The City of Tucson added a new two-stage crossing on Camino del Cerro to help Urban Loop users get across the road.

According to Tom Thivener, the city’s bike and pedestrian program manager, the crossing cost about $15,000 to design and install. The money is from the RTA.

Here’s what it looks like from a motorist’s perspective:

Motorists see a sign warning them about the crossing.
Here's the crossing heading west on Camino del Cerro.

Here is what the crossing looks like for cyclists:

The path north of Camino de Cerro is directly across from the opening of the crossing.
Once a cyclist or pedestrian crosses one lane of traffic they move down the center of the refuge to connect to the exit where they will cross the second lane.


10 thoughts on “New two-stage crossing for Urban Loop users”
  1. When was this installed? I went through this yesterday (twice) and thought “wow, that’s cool”.  It was my first time riding on that path and the crossing was a pleasant surprise.
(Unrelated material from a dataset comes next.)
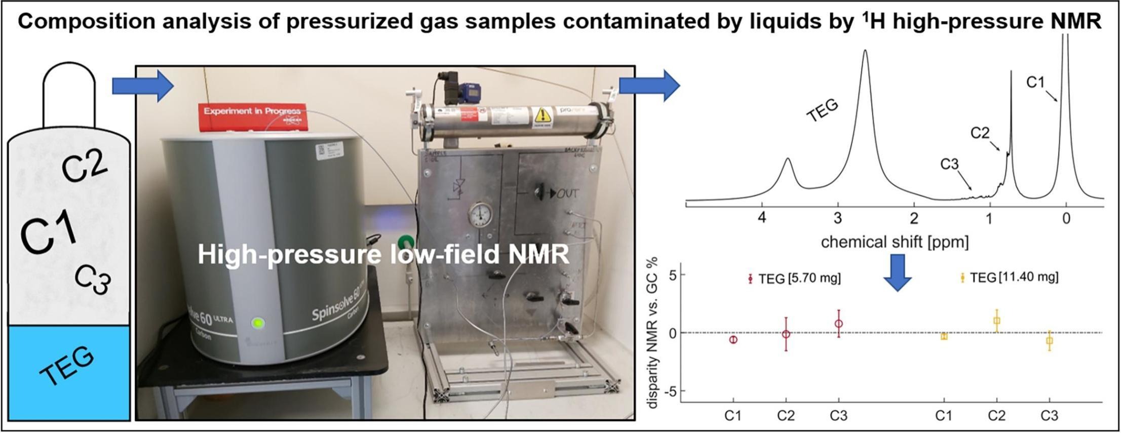 Natural gas (NG) plays a key role in the transition to greener energy sources. Accurate composition analysis is essential for determining NG’s commercial value and ensuring efficiency across the entire value chain. Since NG typically contains water, it is dehydrated using agents like triethylene glycol (TEG). However, residual liquid TEG may remain in the pipeline, compromising sample quality for conventional NG composition analysis, which can measure only the gaseous phase. Thus, this work demonstrates the applicability of high-pressure (HP) benchtop 1H NMR spectroscopy for analyzing wet NG, with the simultaneous detection of gas and liquid phases. To enhance the robustness of the method, additional quality control parameters (QC) for the NMR signal were implemented alongside with previously established QCs. The methodology was validated using a three-component NG sample at 200 bar, in the presence of TEG as dynamic droplets and at varying stationary amounts within the sensitive volume. The determined NG composition was in excellent agreement with the vendor certificate. Moreover, the detection and quantification limits of TEG under the employed experimental conditions were determined. This work represents a significant step towards the integration of HP benchtop NMR spectroscopy for real-time monitoring of wet NG composition in industrial environments.

  2. I was not as thrilled with this. Southbound, it directs you on the bridge sidewalk, which feels like it’s about two feet wide. Two-way bike traffic is definitely out of the question. I’ll be using the road next time, once I wait for the westbound cars to clear the new obstacle.

  3. The concept (bike refuge/bike island) is good and sensible,  but why not use Jersey barriers (aka K-Rail)?
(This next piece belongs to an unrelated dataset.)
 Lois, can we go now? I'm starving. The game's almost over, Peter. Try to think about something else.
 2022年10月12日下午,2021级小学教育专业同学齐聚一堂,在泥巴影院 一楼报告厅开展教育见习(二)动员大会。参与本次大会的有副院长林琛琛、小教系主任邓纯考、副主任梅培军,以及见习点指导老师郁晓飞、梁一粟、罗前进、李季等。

  4. The concept (bike refuge/bike island) is good and sensible,  but why not use Jersey barriers (aka K-Rail)?

  5. This crossing is not unlike a lot of the river path system.  It’s semi high context.  The first time you go through it you have to go slowly and figure it all out.  I rode it Sunday late afternoon.  It’s a lot better than the first time I came through.  I got lost and headed north on the west bank for a mile before I figured it out and just headed toward I-10 and found the real path.  The sea of yellow on the bridge makes it a lot more obvious  I accept that the bridge crossing is a compromise and not a terrible one.  I like it even if it isn’t the end all be all of trans bank, trans roadway bicycle path transitions.  

  6. Question: south side of Camino Del Cerro, the approach is pretty steep.  Does the slope meet ADA guidelines?  Imagine trying to look east for traffic at the eye level of a wheel chair user on an incline.  
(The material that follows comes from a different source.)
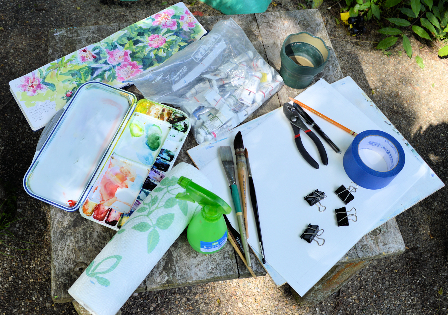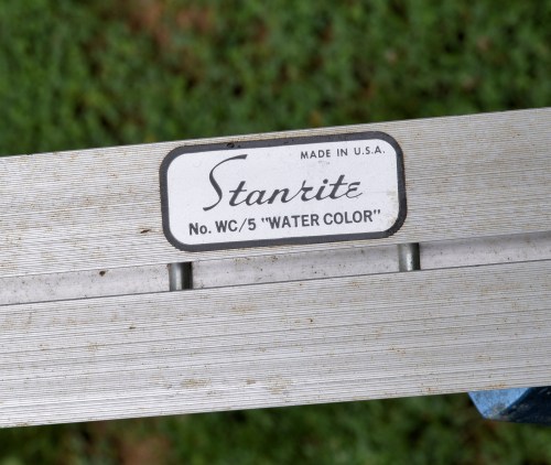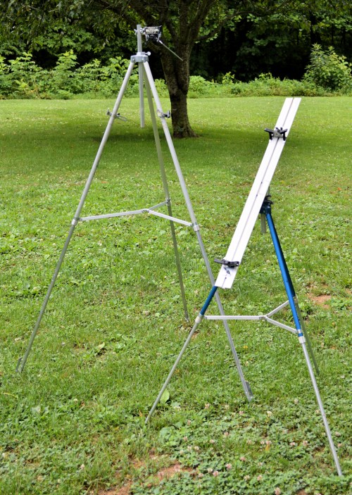 I have a couple of lightweight aluminum easels, one for watercolors (it tilts) and the other for vertical works on canvas or board. They have extendable legs and even have spikes which are handy for anchoring your easel. But, you can use your lap, a rock or fence, or other handy surface to support your work. You can even make your own. (Check here for instructions from James Gurney.) I carry my easels in a bag that I made from an old pair of jeans. You can’t imagine where that bag has traveled.

  7. I was mystified the first time I encountered this palisade of plastic markers.  It was dark and the thing hadn’t been there the last time I rode thru there a week before.  Once I figured it out, I think it’s OK.  I agree w/ Red Star that it could be a better physical barrier against cars, but it’s alright as it is.  They may make it more substantial later or maybe they’ll run the path along the river and route it under the bridge like most of the other river path street crossings.
    As for the bridge, I’ve ridden my trike on the south sidewalk on the bridge a half dozen times now and I haven’t had any problems w/ the width.  My mirrors need 39″ clearance and I felt like I had plenty of room.  Dan is right, simultaneous, two-way traffic is not an option.  I’d love to have a dedicated cycle/ped bridge across the river but this is fine for now.
    Over all, I’m lovin the new connector section and plan on riding it again tonight.  Mile and miles of virtually non-car riding!

  8. You know…  Because they need to make it break away easily so inattentive drivers won’t get hurt or their cars damaged as they plow through it at speed.  🙂

  9. There seems to be no restrictions, so why did they create the jog in the crossing?
    The access path on the south side could have been located directly across from the continuation of the path northward creating a direct crossing.
    Then, it would be a candidate for a HAWK. If unaffordable now, maybe in the future. This skeletal PELICAN seems unnecessarily awkward.